United Kingdm-A Tragic case of poverty, Ignorance and Animal cruelty ends up in Crown Court.

A COUPLE whose four children were taken into care after they were accused of neglect "replaced" them with a menagerie of animals but struggled to cope and ended up keeping them in filthy and putrid conditions, a court was told.

Tracy and Alan Lear, aged 39 and 64, suffered a "dreadful experience" when their children were taken away from them some years ago, Exeter Crown Court was told, and took on dozens of animals to compensate for their emotional loss.

When RSPCA inspectors visited the couple’s home, they found 16 cats, two rabbits, 21 guinea pigs, 22 chickens, two black swans and a pheasant, many of which were kept in filthy conditions, and a kitten was found with a deformed leg.

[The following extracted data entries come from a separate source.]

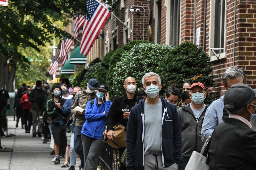 Standing in front of a gaggle of press on a New York City sidewalk, Representative Alexandria Ocasio-Cortez assessed the situation playing out during the city’s first three days of early voting in the 2020 general election—lines wrapping around the block, people being forced to stand for hours just to cast their ballot—and called the mess for what it was: voter suppression. “There is no place in America that two-, three-, four-hour waits to vote is acceptable,” Ocasio-Cortez said. “Just because it’s happening in a blue state doesn’t mean that it’s not voter suppression.”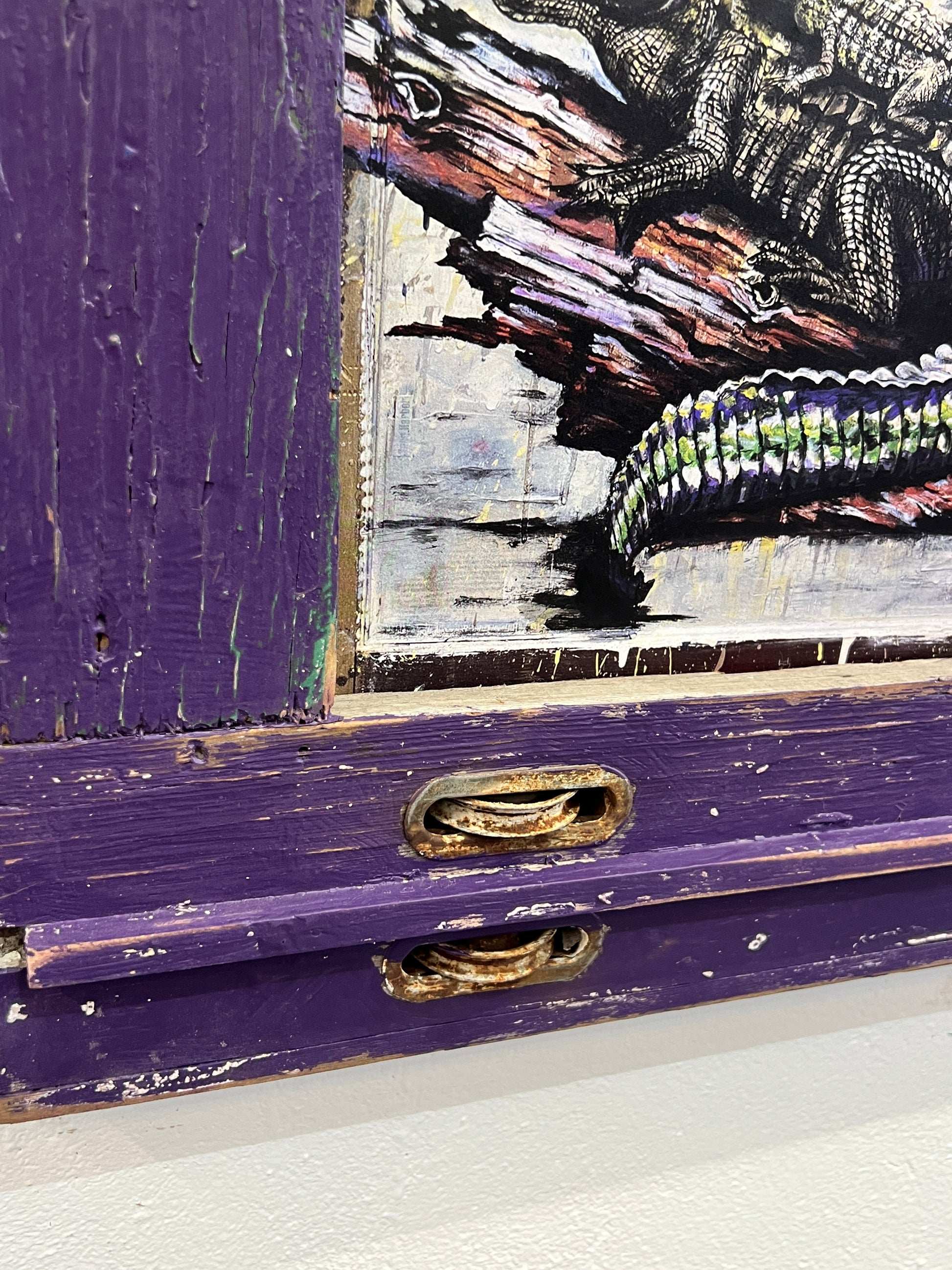 Mama & Baby Gator- Reworked Giclee with Custom Reclaimed Wood Frame
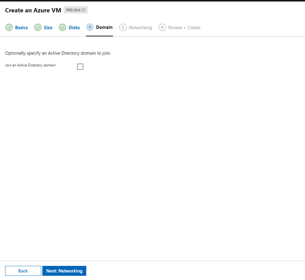 Eğer Azure üzerinde kuracağımız sanal makinanın domaine almak istiyorsanız bu ekranda ilgili tiki işaretlereyek sağlayabilirsiniz.Ben domain ortamına dahil etmeyeceğim için Next ile devam ediyorum.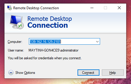 Ví dụ tui đã đổi port rdp thành 2101 thì khi mở remote desktop lên ae phải nhập vào ô IP theo đinh dạng là: ip:port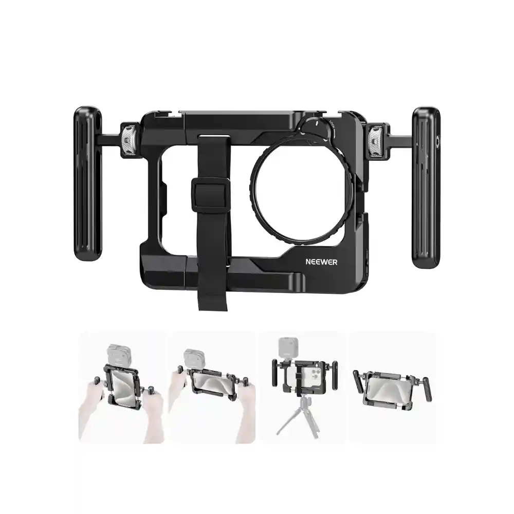 El Neewer Handheld Smartphone Cage PA017 es un accesorio profesional diseñado para mejorar la calidad de grabación en dispositivos móviles. Con su estructura ergonómica de aluminio y su adaptador de filtro de 67 mm, este cage permite montar accesorios adicionales como micrófonos, luces LED y lentes externas, brindando mayor estabilidad y versatilidad para creadores de contenido, vloggers y cineastas móviles. Características principales: Construcción de aluminio de alta resistencia: Ligero, duradero y diseñado para proteger el smartphone. Diseño ergonómico y portátil: Ideal para grabaciones en movimiento con un agarre cómodo y seguro. Adaptador de filtro de 67 mm: Permite el uso de filtros ND, CPL y otros para mejorar la calidad de imagen. Múltiples puntos de montaje: Incluye roscas de 1/4"-20 y zapatas frías para accesorios adicionales. Compatibilidad: Iphone 15 Pro MAX Especificaciones técnicas: Material: Aleación de aluminio Diámetro del adaptador de filtro: 67 mm Puntos de montaje: Orificios de 1/4"-20 y zapatas frías ] Incluye: 1 x Neewer Handheld Smartphone Cage PA017 1 x Adaptador de filtro de 67 mm 1 x Llave Allen para montaje 1 x Manual de usuario Lleva tu producción móvil al siguiente nivel con el Neewer PA017, diseñado para estabilidad, versatilidad y calidad profesional en cada toma.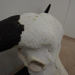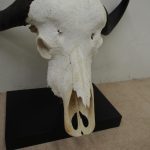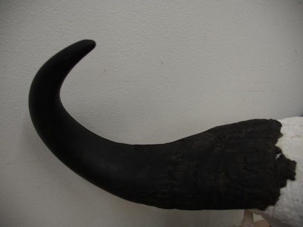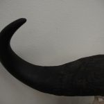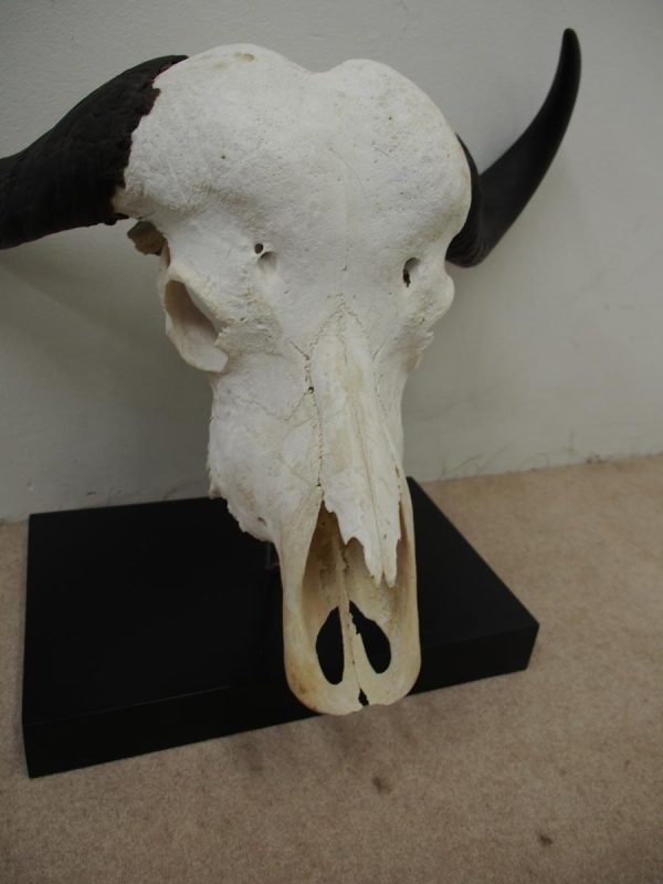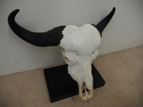 Early part of the 20th century, skull and horns of a South African water buffalo. The head has been cleaned and the horns have been polished, and it has been attached to a large ebonised base.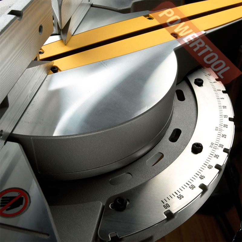 Торцовочная пила DeWALT DW 717 XPS имеет кулачковый зажим для быстрого и точного изменения угла резания 0°-60° влево и 0°-50° вправо.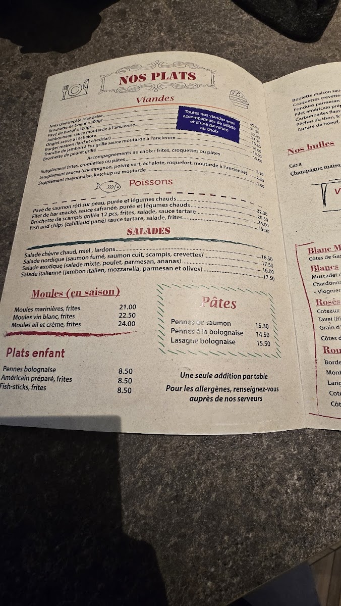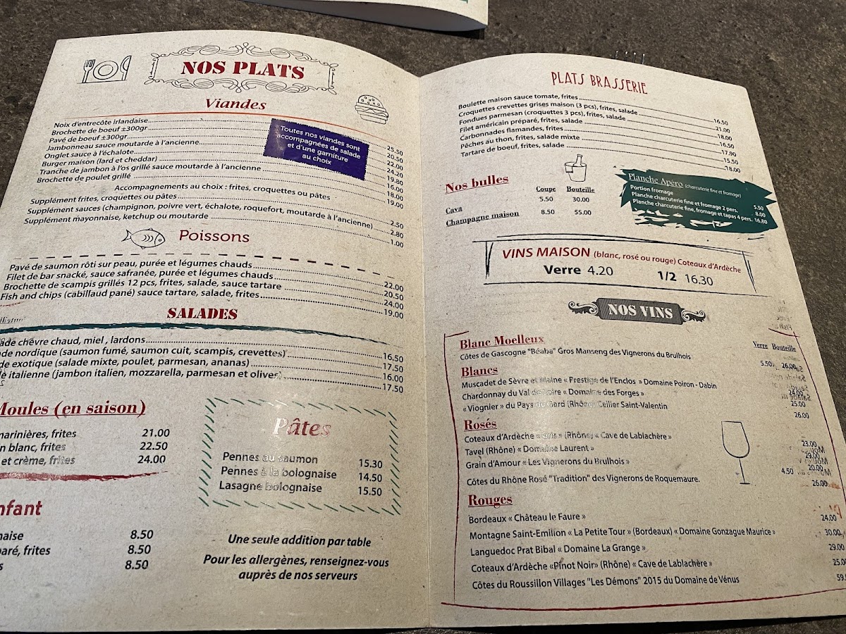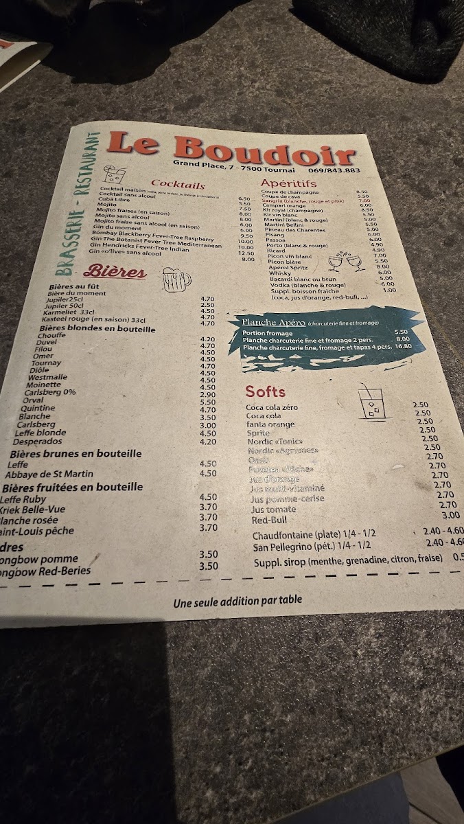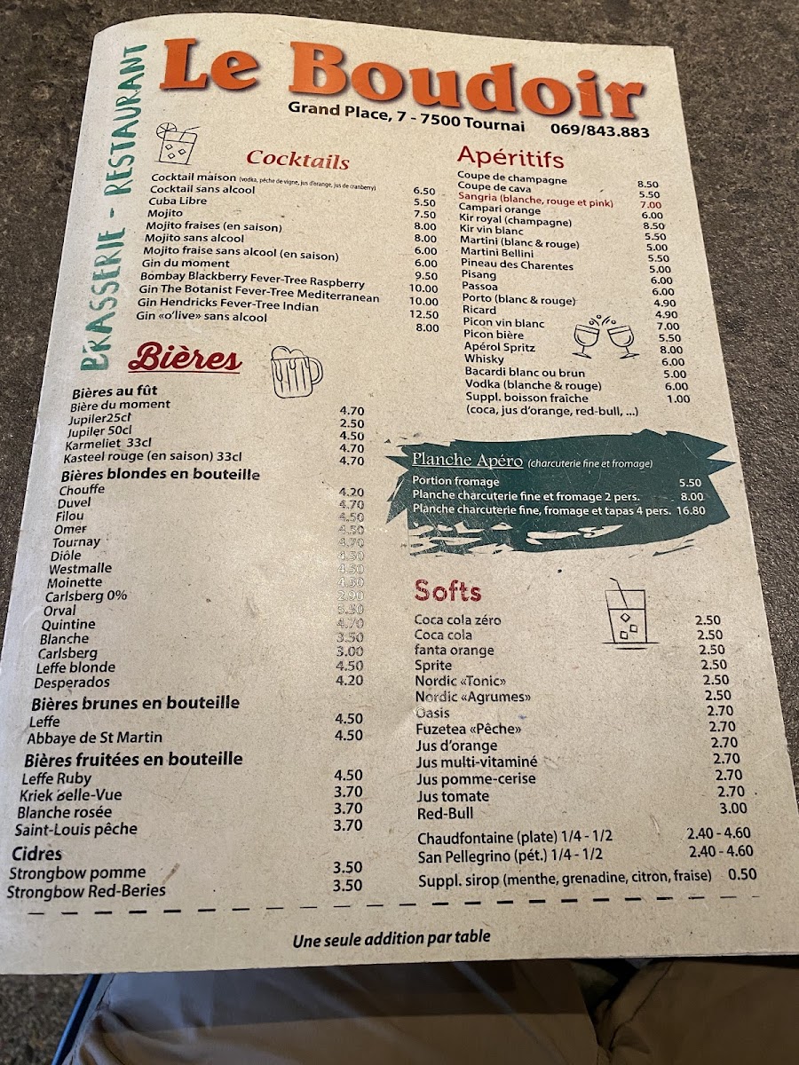 From a reviewer’s perspective, the menu at Le Boudoir offers a well-balanced selection that blends hearty classics with comforting flavors, making it a satisfying choice for a wide range of diners. The Steak BBB stands out as a highlight, delivering a rich, flavorful experience that reflects the kitchen’s attention to quality ingredients and careful preparation. Equally enjoyable, the Brochettes de Poulet provide a lighter yet still savory option, with tender meat and well-seasoned accompaniments that make the dish both approachable and memorable. Overall, the menu feels thoughtfully composed, offering generous portions, familiar Belgian-inspired dishes, and a few standout specialties that leave a lasting impression. As a conclusion to the dining experience, the menu succeeds in combining comfort, flavor, and consistency, making Le Boudoir a reliable and enjoyable place for a satisfying meal in the heart of Tournai.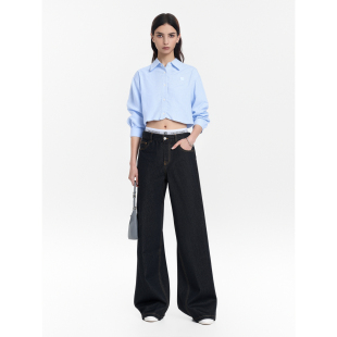 翻领宽松休闲蓝色条纹长袖 女2026春夏新款 上衣 Back短衬衫 Called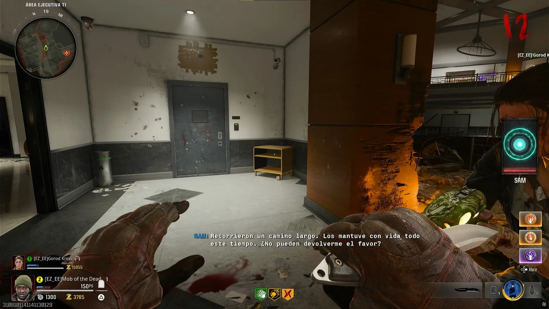 - En este caso ayudaremos a Blanchard. Interactúa con un botón rojo en la Sala Inicial, cerca del portal que te lleva a Pack-A-Punch.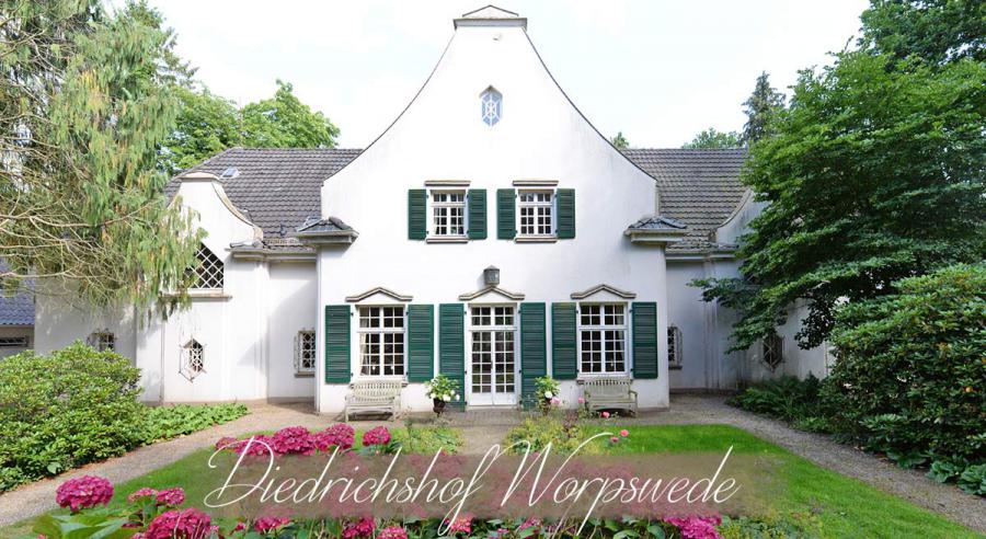 Bis zur Gartenkunst reichte das künstlerische Schaffen Bernhard Hoetgers, der in Worpswede bis heute prägende Spuren hinterlassen hat. Die Beschäftigung mit einer klar strukturierten Gartenarchitektur folgte der Logik seines Arbeitens in dieser Zeit. Ob eine Einzelarbeit oder ein Gesamtkunstwerk, hier auf dem Diedrichshof wurde die konsequente Umsetzung des Lebens im Hause bis in den Außenbereich fortgesetzt. Alles passt zusammen und der Blick aus dem Haus über die großzügige Terrasse findet erst an der großen Plastik (Der Bonze des Humors) am hinteren Ende des Gartens halt. Dennoch bleibt der Eindruck vielfältig, denn in den durch Hecken gestalteten Achsen und perspektivischen Linien haben weitere Skulpturen ihren exponierten Auftritt.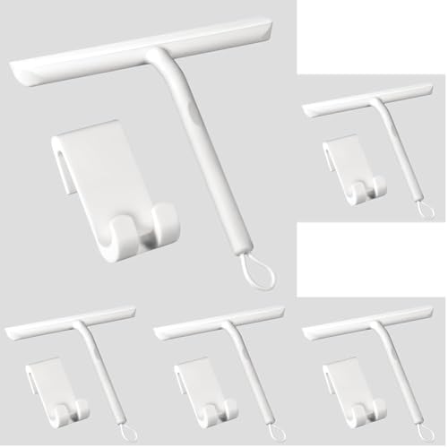 Vinabo Raclette de Douche - Nettoyage sans Traces pour Porte en Verre, Salle de Bain avec Support 21cm Blanc, Silicone pour Vitre de Voiture, Miroir (Lot de 5)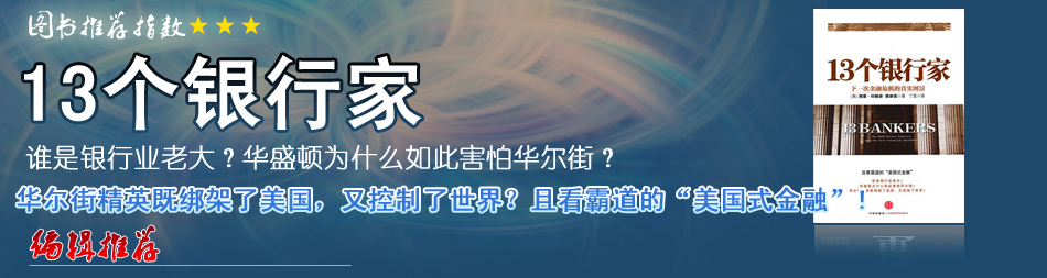 | 看了這本書,感覺題目有些危言聳聽,不過書的內(nèi)容還算中規(guī)中矩。書中提到的13個(gè)銀行家實(shí)際上是美國金融市場的一個(gè)縮影。 |

The court was also told the couple had a string of convictions for animal cruelty. The Lears were banned from keeping any animals by Honiton magistrates last October after pleading guilty to breaching an earlier order made under the Protection of Animals Act.

At the Crown Court yesterday, they appealed against the ban.

The court was told that in 2002, Cullompton magistrates banned them from keeping any animals. This was relaxed on appeal to allow them to keep 10 cats, 15 sheep, four cockerels and 20 geese.

RSPCA officers visited the Lears’ smallholding at Ashbury, near Okehampton, West Devon, in July 2007. Inside the house, inspectors found the open-plan kitchen "piled high" with cages. The guinea pigs inside were overcrowded and had no provision of food or water.

Jeremy Cave, for the prosecution, said: "The inspectors described the smell as putrid, characteristic of old animal faeces, urine and unclean bedding. Conditions were filthy."

Mr Cave also described how the inspectors found a number of cats running around in an old double-decker bus in the Lears’ land, including a kitten with a deformed leg.

In the stable, he said, the inspectors found a number of ducks, chickens and cockerels, again in dirty conditions and without adequate supplies of water.


The officers issued Mrs Lear with an animal improvement notice. Mr Cave said when the RSPCA made subsequent visits, they found conditions for animals inside the house had improved somewhat but outside were "largely the same".

Jonathan Edwards, mitigating, asked for the total ban on keeping animals to be relaxed. The couple had been married for 22 years and had four children together. Mr Lear worked for many years as a bus driver in London before the family moved to Wiltshire. It was here their children were taken by a court after allegations of neglect.

He described this as a "dreadful experience" for them and their move to Devon was as a result of losing their children and the "bitterness" they felt about the circumstances in which they were taken.

He said: "What seems to have happened is that animals replaced children in the eyes of Mr and Mrs Lear."

Judge Peter Wassall said he could "understand fully" why Honiton magistrates had made a total ban on keeping animals, but relaxed the terms to allow them to keep sheep and geese.